Exercise requirements >> For the full listing below, write out each entry exactly and exclude the images.
^^^^^^^^^^^^^^^^
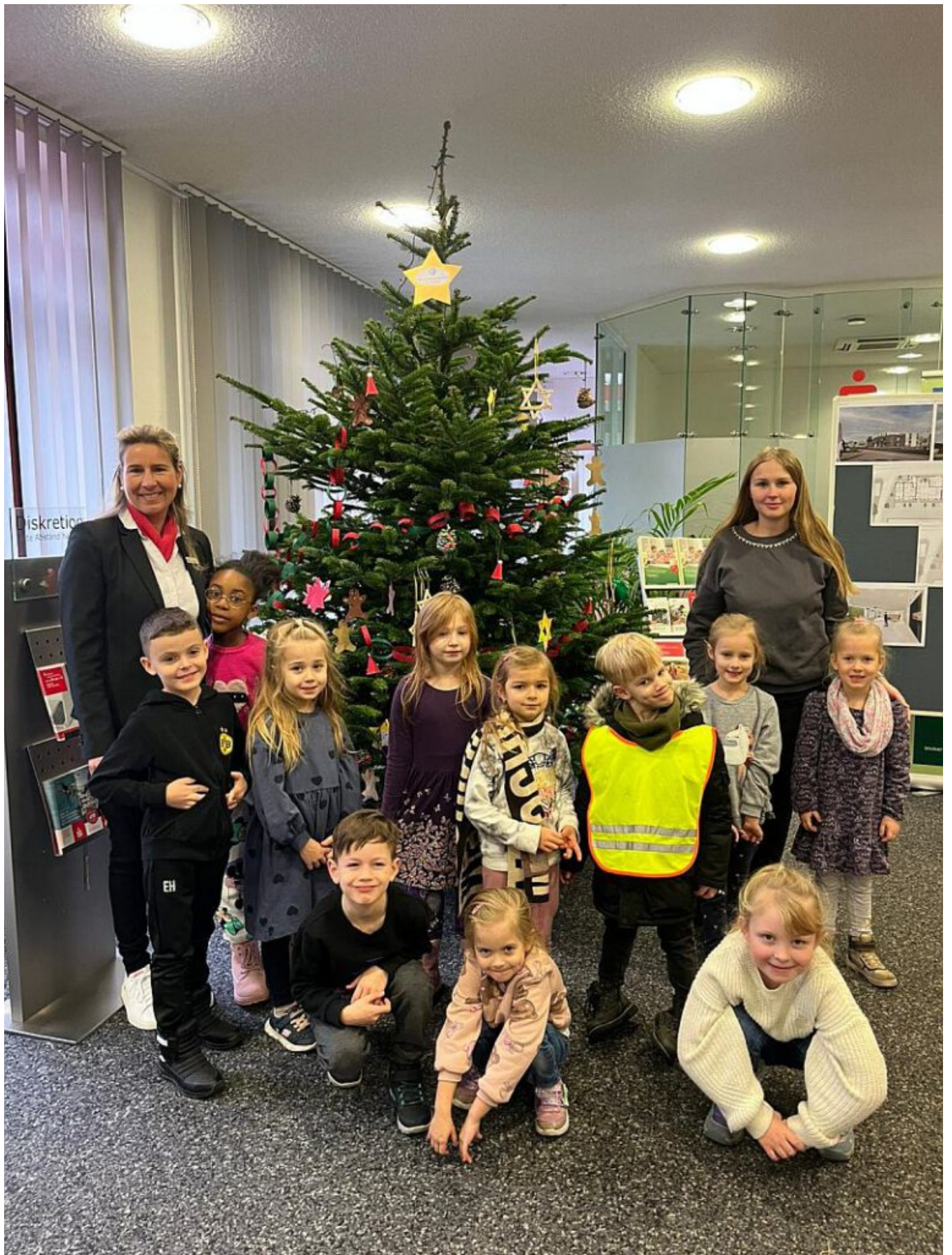
Die Vorschulkinder des Kindergartens St. Elisabeth in Oberaden haben weihnachtlichen Glanz in die Sparkasse gebracht. 11
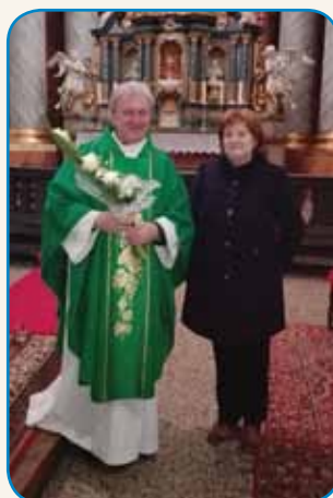
Škofovskemu vikarju ... stran 4
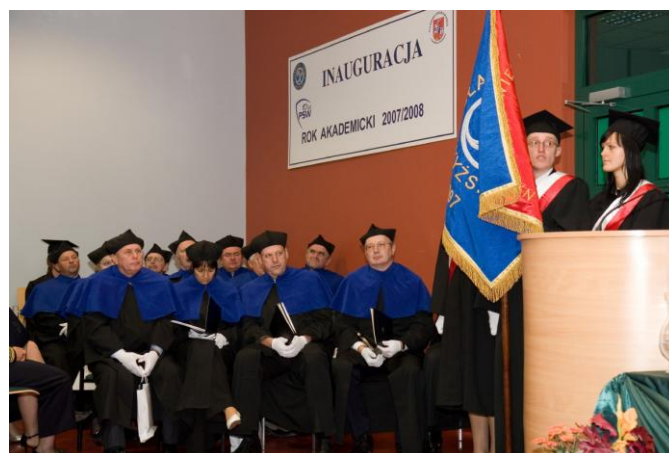
Серед членів Сенату Пулавської вищої школи (Республіка Польща) (2008 р.)
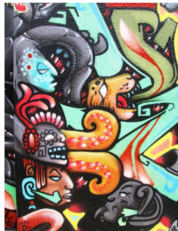
Mural callejero en La Misión, San Francisco, California.

Los ingredientes vanguardistas de la experiencia de Othón y los suyos han sido superados por el protagonismo actual de los pueblos originarios en todo el país, desde sus regiones y a escala nacional en las décadas posteriores al fenómeno de Alcozauca. Lejos aún de la autonomía que se volvió la demanda más profunda y difícil (sistemáticamente traicionada por el Estado), La Montaña Roja es un precedente ineludible de cuyos aciertos y errores todavía se pueden extraer lecciones para expandir el horizonte de los pueblos mexicanos ■
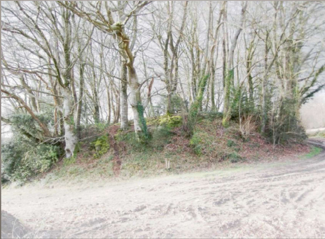
Motte castrale de Goarlot
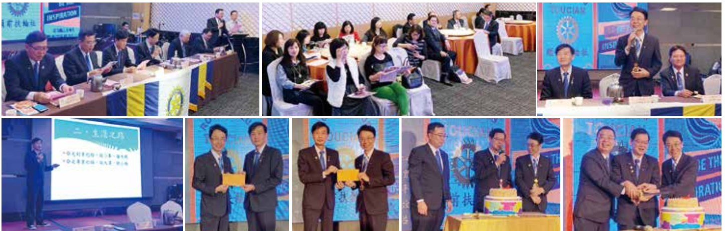
▲講師紀火丁先生 ▲致贈講師車馬費 ▲回捐講師車馬費 ▲4月份慶生活動
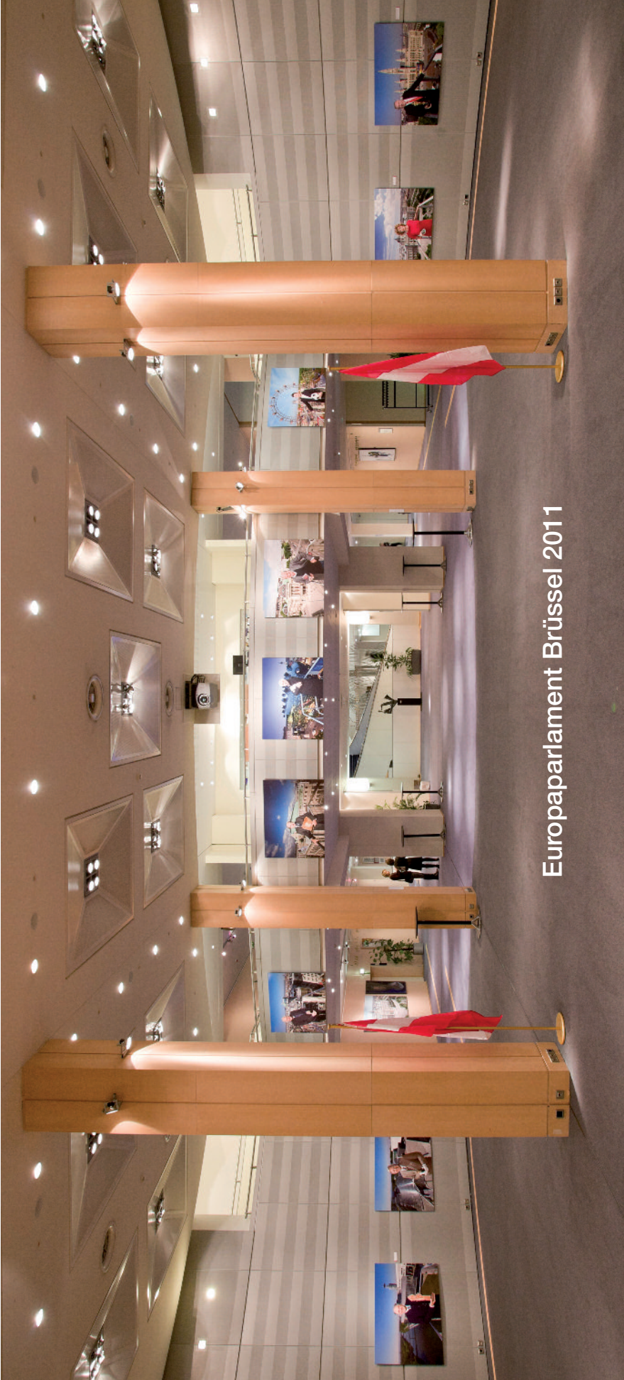
Europaparlament Brüssel 2011
^^^^^^^^^^^^^^^^
Task answer >>
Die Vorschulkinder des Kindergartens St. Elisabeth in Oberaden haben weihnachtlichen Glanz in die Sparkasse gebracht. 11
Škofovskemu vikarju ... stran 4
Серед членів Сенату Пулавської вищої школи (Республіка Польща) (2008 р.)
Mural callejero en La Misión, San Francisco, California.

Los ingredientes vanguardistas de la experiencia de Othón y los suyos han sido superados por el protagonismo actual de los pueblos originarios en todo el país, desde sus regiones y a escala nacional en las décadas posteriores al fenómeno de Alcozauca. Lejos aún de la autonomía que se volvió la demanda más profunda y difícil (sistemáticamente traicionada por el Estado), La Montaña Roja es un precedente ineludible de cuyos aciertos y errores todavía se pueden extraer lecciones para expandir el horizonte de los pueblos mexicanos ■
Motte castrale de Goarlot
▲講師紀火丁先生 ▲致贈講師車馬費 ▲回捐講師車馬費 ▲4月份慶生活動
Europaparlament Brüssel 2011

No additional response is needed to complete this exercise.